O povo não buscava consolo para o luto, queria salvatério para os vivos. Zé Luiz sentara-se no banco, na varanda, lavado em pranto: não existe nada mais importuno, mais insuportável do que um homem chorando, perdidas a vergonha e a presunção, despido da condição de macho.

Zilda repetiu, elevando a voz para ser ouvida e obter resposta:

- Se alastrou.

O Capitão amassava com os dedos um bolo de feijão com
farinha:

- Diz-que outro parente de sia Leocádia está arriado. É homem ou mulher? Tu sabe? - Os estancianos na sexta-feira haviam enterrado o moço Tancredo.

- Um menino, Mariozinho, de seus dez anos, não tinha mais. Não saía daqui, era carne e unha com Peba.

- Tu fala como se ele já tivesse morrido.

- Deus me perdoe! Não quero agourar ninguém mas ocê já viu algum se salvar? Nunca soube de nenhum.

Baixou os olhos para o prato de flandre, revolveu a comida com a colher:

- Ando agoniada por causa dos meninos. O que é que ocê acha? Não era mais melhor pegar neles e ir pra roça? Até passar.

O Capitão correu a vista pela criançada que, desatenta à conversa, comia com vontade, uns na mesa, outros sentados no chão.

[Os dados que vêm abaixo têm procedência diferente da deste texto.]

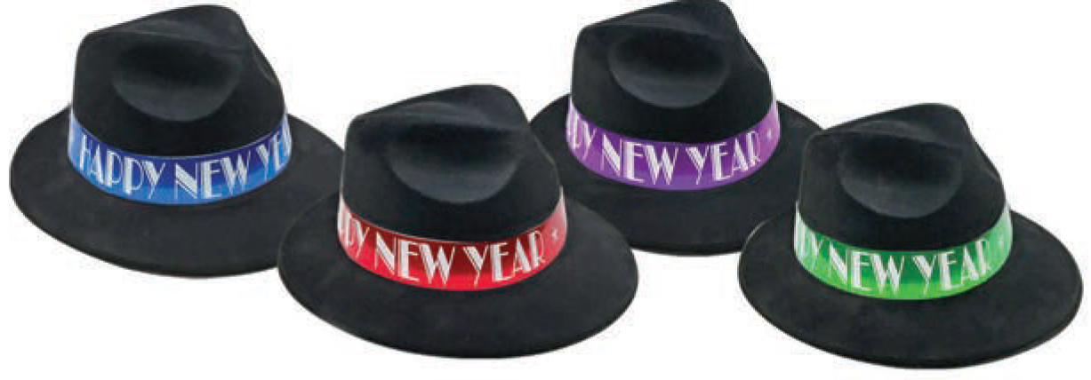 BLACK VELOUR FEDORAS WITH ASSORTED COLOR HAPPY NEW YEAR BANDS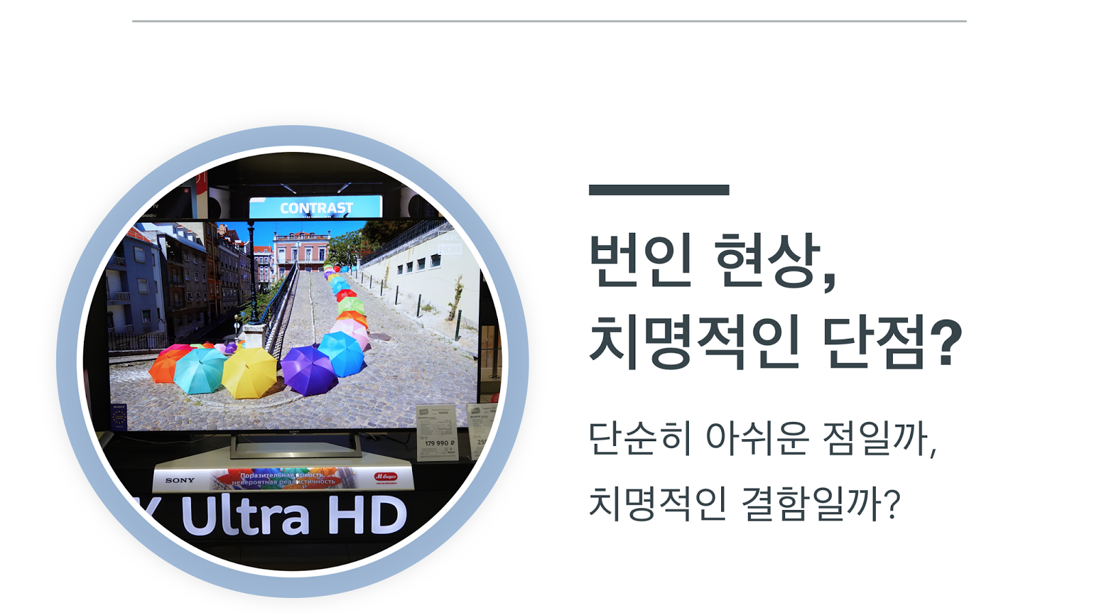 또한 아무 생각 없이 봐야 제맛인 TV를, 혹시나 번인이 발생하지는 않을까 하고 신경을 쓰며 시청하는 것도 그리 달가운 현상은 아니다. 드라마를 정주행 할 때마다 왼쪽 위에 떠 있는 방송사의 로고가 야속하게 느껴질 수 있기 때문이다.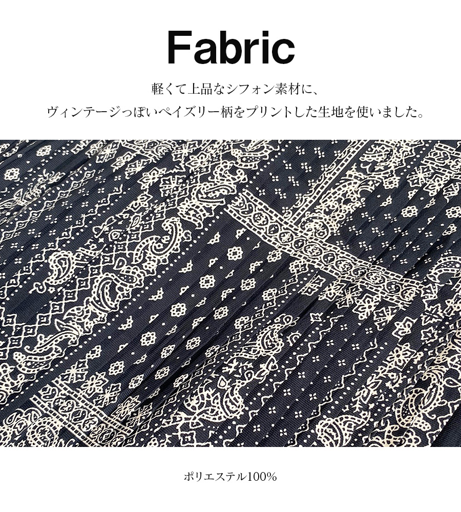 軽くて上品なシフォン素材に、ヴィンテージっぽいペイズリー柄をプリントした生地を使い、スカート部分を繊細なプリーツで仕上げたシンプルだけど綺麗なデザイン。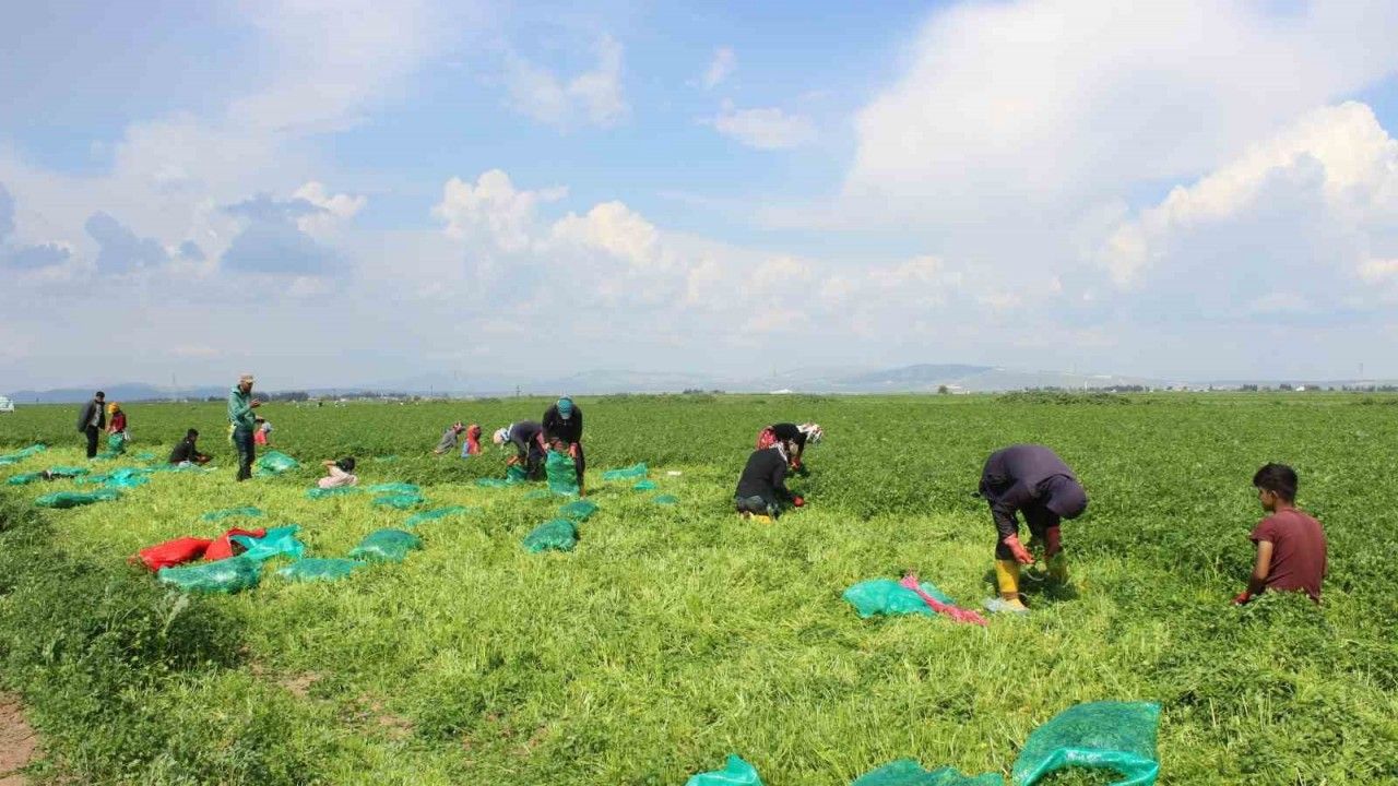 Hatay’ın Reyhanlı ilçesinde başlayan maydanoz hasadı, bölgede yaz sonuna kadar devam edecek. Günde ortala bin 500 TL yevmiye alan Diyarbakırlı işçiler, zorlu koşullar altında günde ortalama 4 dönüm arazi hasat ediyor.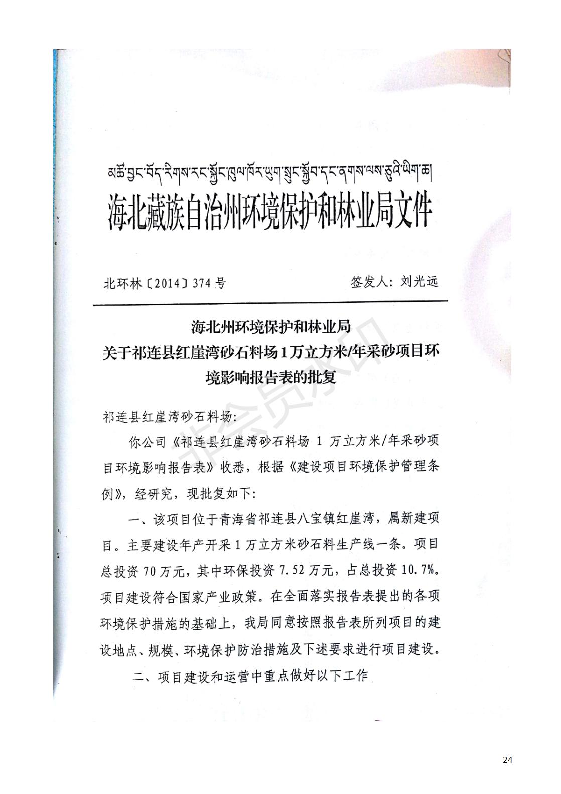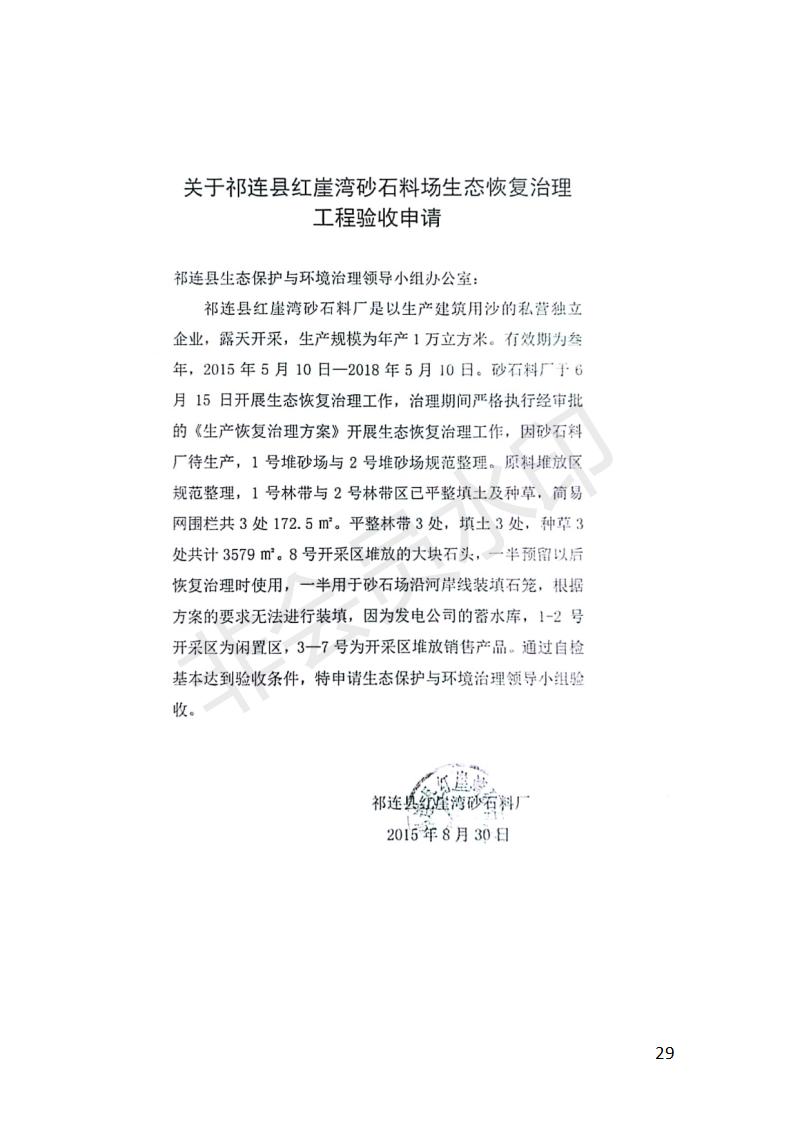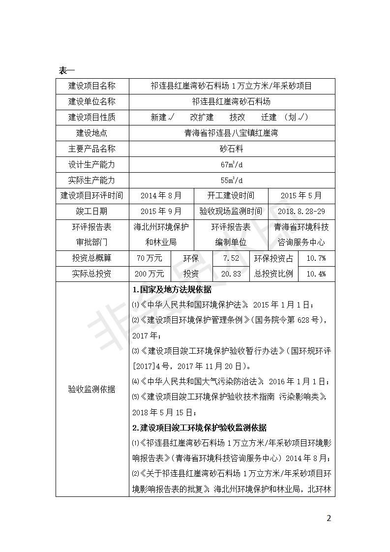 祁連縣紅崖灣砂石料場1萬立方米/年采砂項目竣工環(huán)境保護(hù)驗收監(jiān)測報告表公示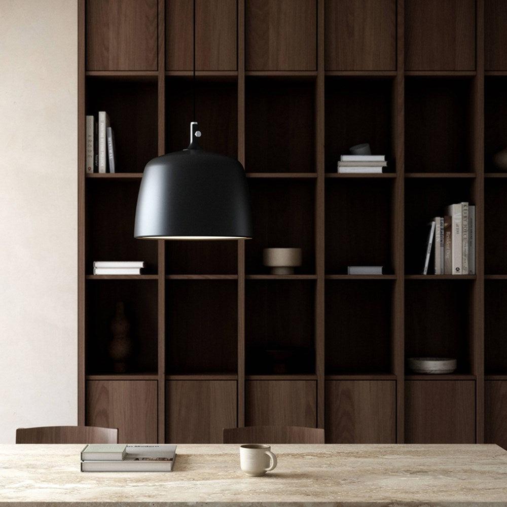 Danish design duo Bjørn + Balle has created Norbi - A minimalist pendant with an industrial touch. The matte shade is contrasted by a brushed steel detail that enables the shade to move up and down. Moving the shade up helps to creates more light that spreads into the room, and moving it further down focus' the light source - creating adaptable lighting for different situations.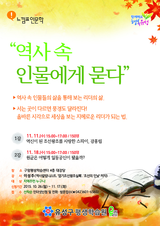 참여나 문의를 원하는 주민은 구 평생학습원 홈페이지나 유성구 평생학습원으로 하면 된다.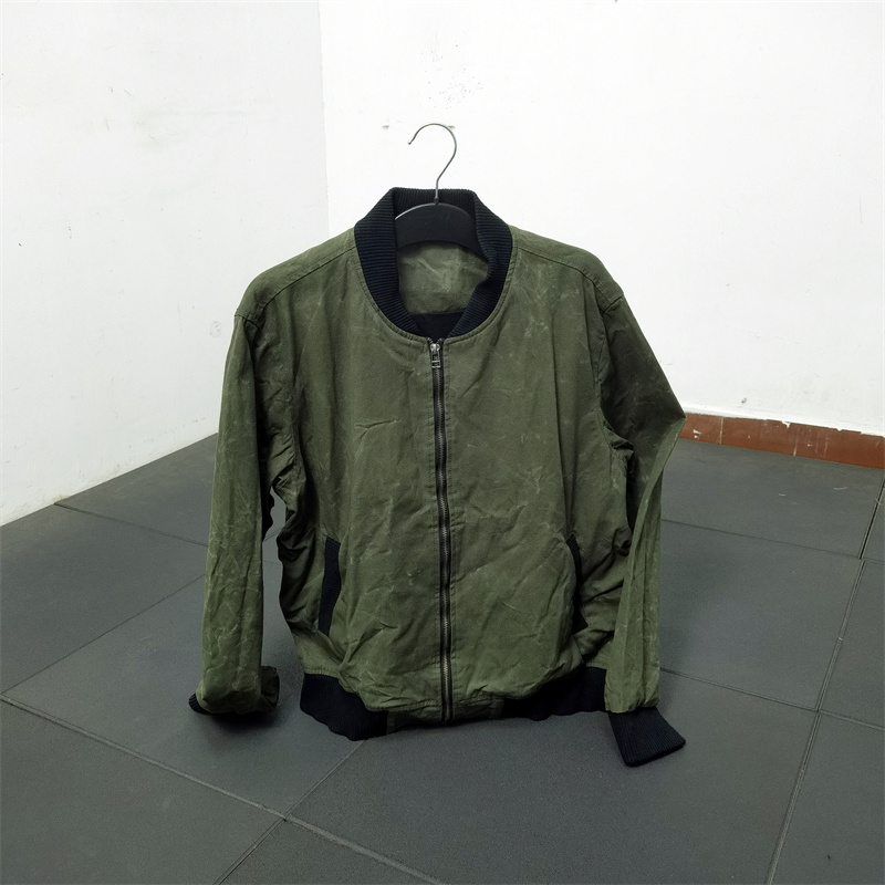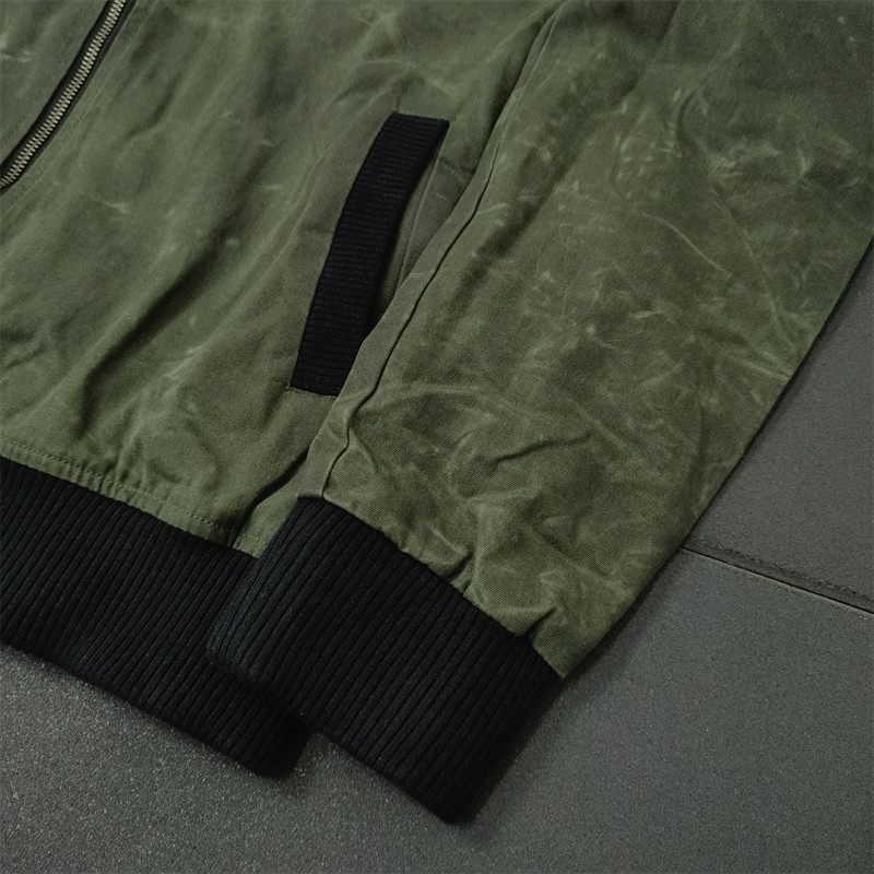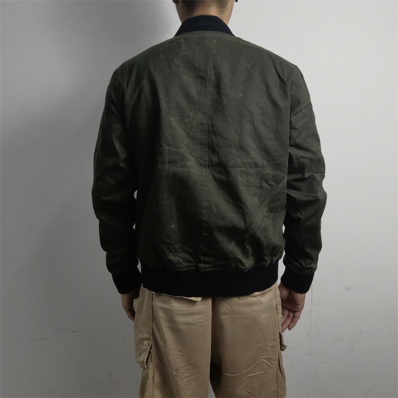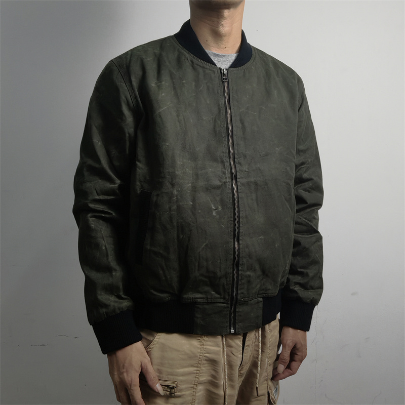 咔叽玩家版自带旧感油蜡布短装螺纹口棒球领拉链修身夹克外套Y412

Depois encarou a mulher:

- Tu já reparou quanta casa fechada, quanta gente já foi embora? Se nós se retira, se tu for pra roça com os meninos, no outro dia não fica mais ninguém em Tocaia Grande. Nós não pode fazer isso.

Zilda largou a colher, ergueu os olhos para ele:

- Tomei filhos de outras pra criar.

- Aqui é a casa deles e daqui nós não vai sair. Ninguém.
- Limpou as mãos sujas de comida, uma na outra: - A não ser que seja pro cemitério.

Zilda balançou a cabeça, em concordância: não estavam discutindo, apenas conversando. Conhecia o marido e sua maneira de pensar: quem tem mando e autoridade, tem obrigações.

De nada adiantaria argumentar, menos ainda se opor.

Cumprira sua parte, expusera seus temores: a ele competia decidir, a ela obedecer.